• [What this task involves]: From the first line of the material below through the line containing "男性向けラノベタイトル風あだ名 | 『魔弾の王とふじさきあんな』 |", print every line exactly as it stands, but no pictures.

*** Given information Section Begins ***

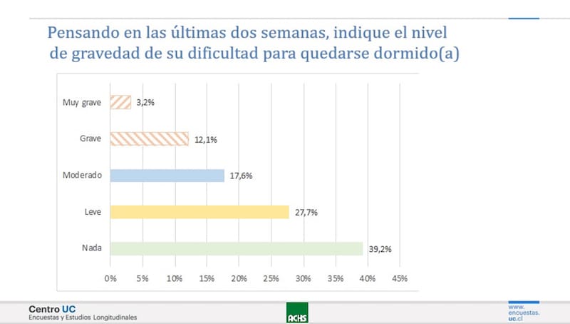Al indicar la gravedad en cuanto a la dificultad para permanecer dormido, un 12,9% de la población entre 21 y 68 años reportó tener problemas graves o muy graves para permanecer dormidos en agosto 2021. El 45,9% admite no tener ninguno. Y si se trata del nivel de gravedad de despertarse más temprano que lo deseado, lo reconoce el 13,8%.
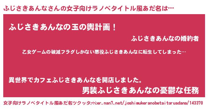 | 男性向けラノベタイトル風あだ名 | 『魔弾の王とふじさきあんな』 |
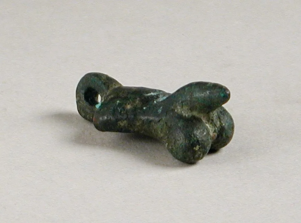 Small bronze phallic amulet with suspension loop, teal-green patina over dark olive-brown surface, solid cast with wing-like side projections
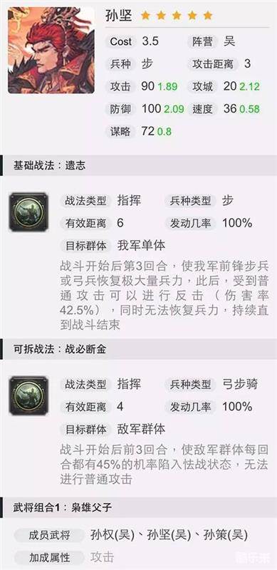 另外由于技能本身是针对前锋位而非固定某个人,因此拿一个同样高攻防的将做前锋,然后让孙坚在中军做辅助也是一种思路。这里提醒一下,这个技能只针对步兵和弓兵有效。
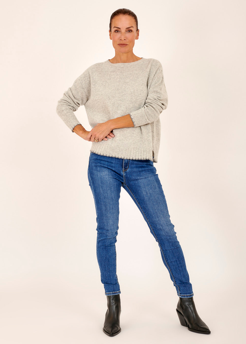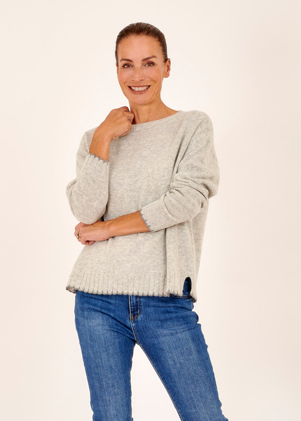 Was diesen Pullover wirklich auszeichnet, sind die erstaunlichen Kontrastbündchen. Während der Hauptteil des Pullovers in einer klassischen Farbe gehalten ist, setzen die Kontrastbündchen an den Ärmeln und am Saum einen bemerkenswerten Akzent. Die subtilen Kontraste verleihen dem Pullover eine unverwechselbare und raffinierte Note. Diese kleinen Akzente machen den Pullover zu einem vielseitigen Stück, das gleichzeitig auffällt und sich leicht in verschiedene Outfits integrieren lässt.
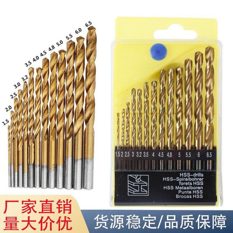 ストレートハンドルツイストドリル 13本セット コンビネーションドリル 木板鉄板穴あけ HHS高速度鋼チタンメッキツイストドリル
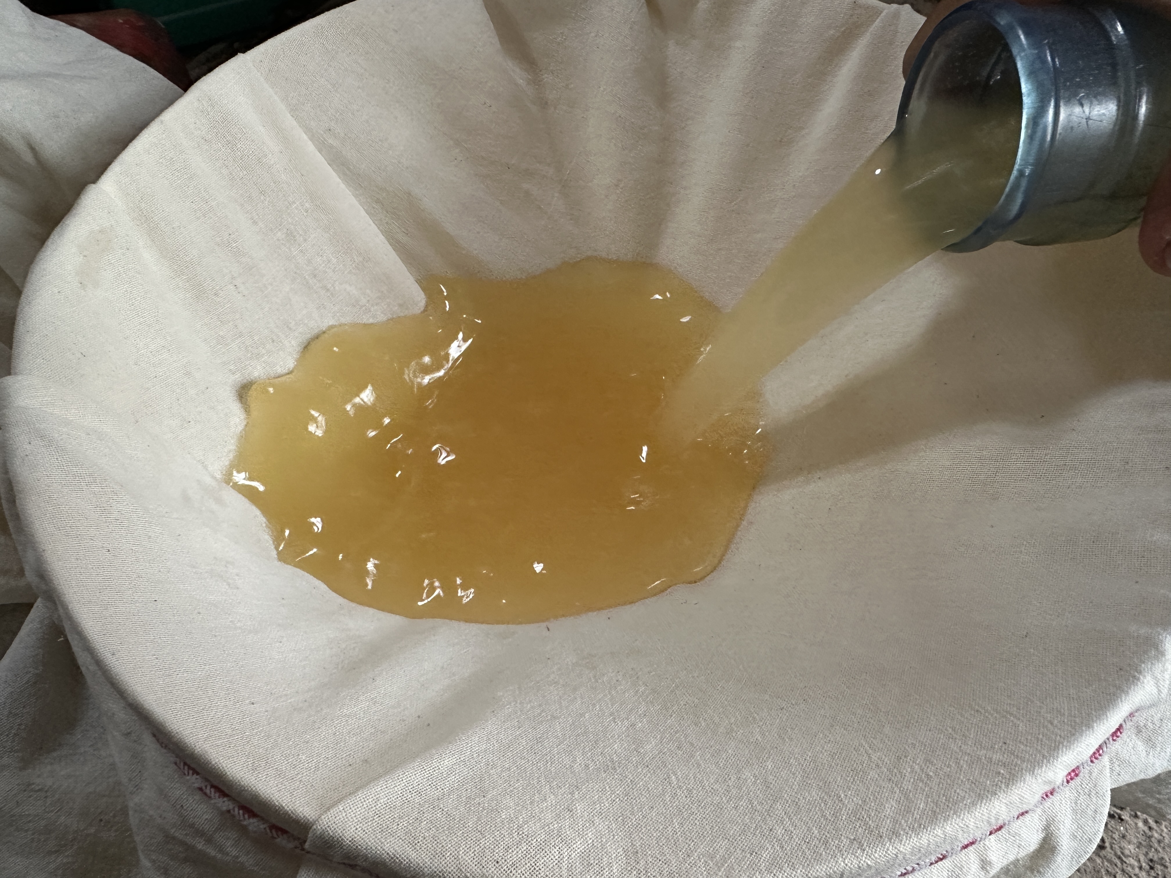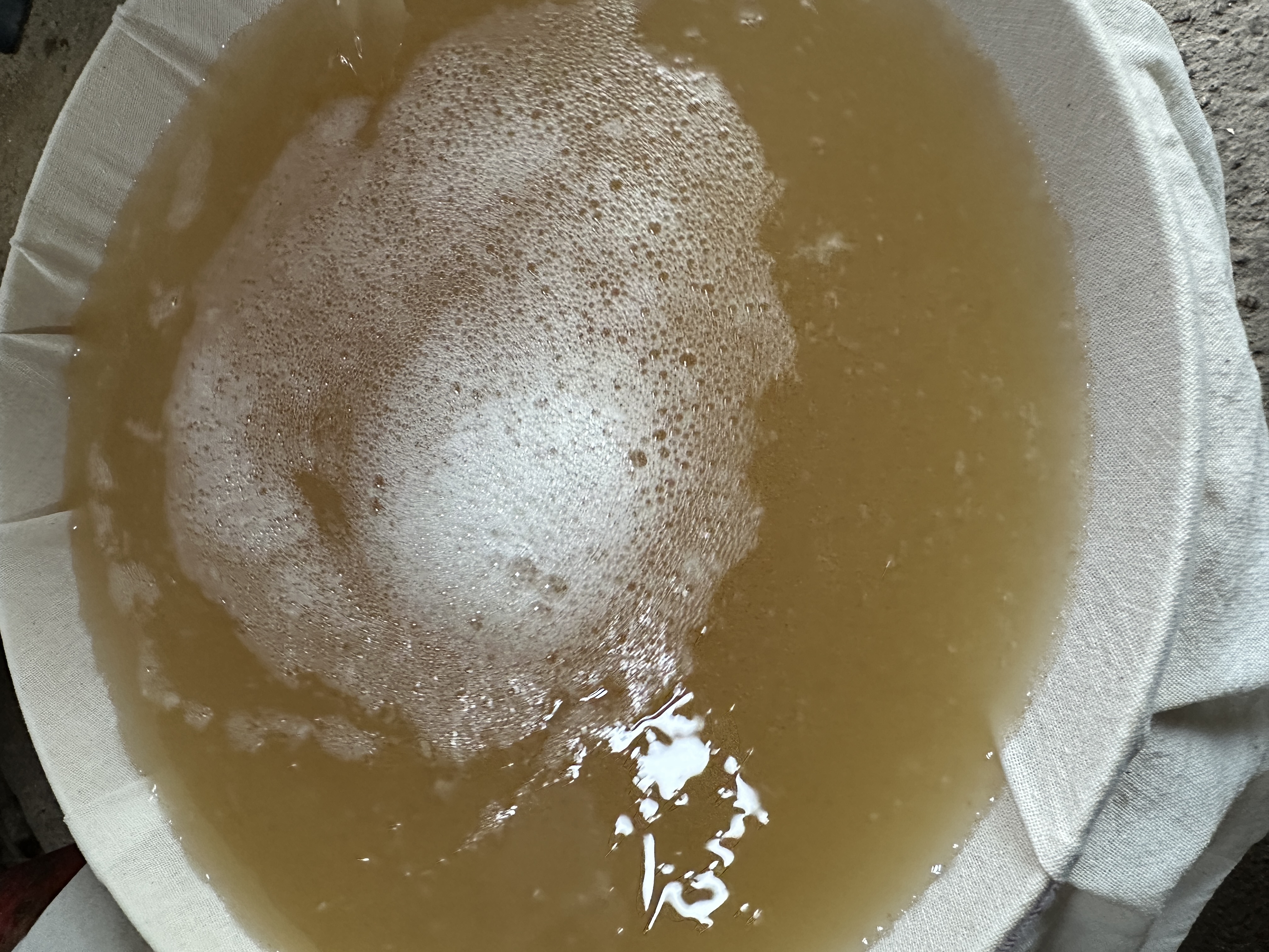 首先要准备好酸浆,吧上次搜集的酸浆进行过滤,留取酸浆不难,难的是酸浆的保存,尤其是不同季节下不同温度,因为酸浆里面都是活性微生物,如果温度和外界的条件不合适,酸浆都会变质,尤其是夏季高温,酸浆的保存是非常关键,这也是酸浆豆腐最难能可贵的地方,我们吃的豆腐没有一点点的化学物质,都是对人身体健康的微生物。
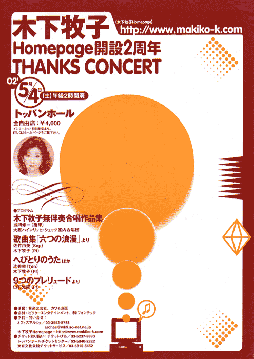 出演 豊田喜代美(Sop)、三原剛(Bar)、木下牧子(Pf)

*** Given information Section Ends ***

• [Solution to the exercise]:
Al indicar la gravedad en cuanto a la dificultad para permanecer dormido, un 12,9% de la población entre 21 y 68 años reportó tener problemas graves o muy graves para permanecer dormidos en agosto 2021. El 45,9% admite no tener ninguno. Y si se trata del nivel de gravedad de despertarse más temprano que lo deseado, lo reconoce el 13,8%.
 | 男性向けラノベタイトル風あだ名 | 『魔弾の王とふじさきあんな』 |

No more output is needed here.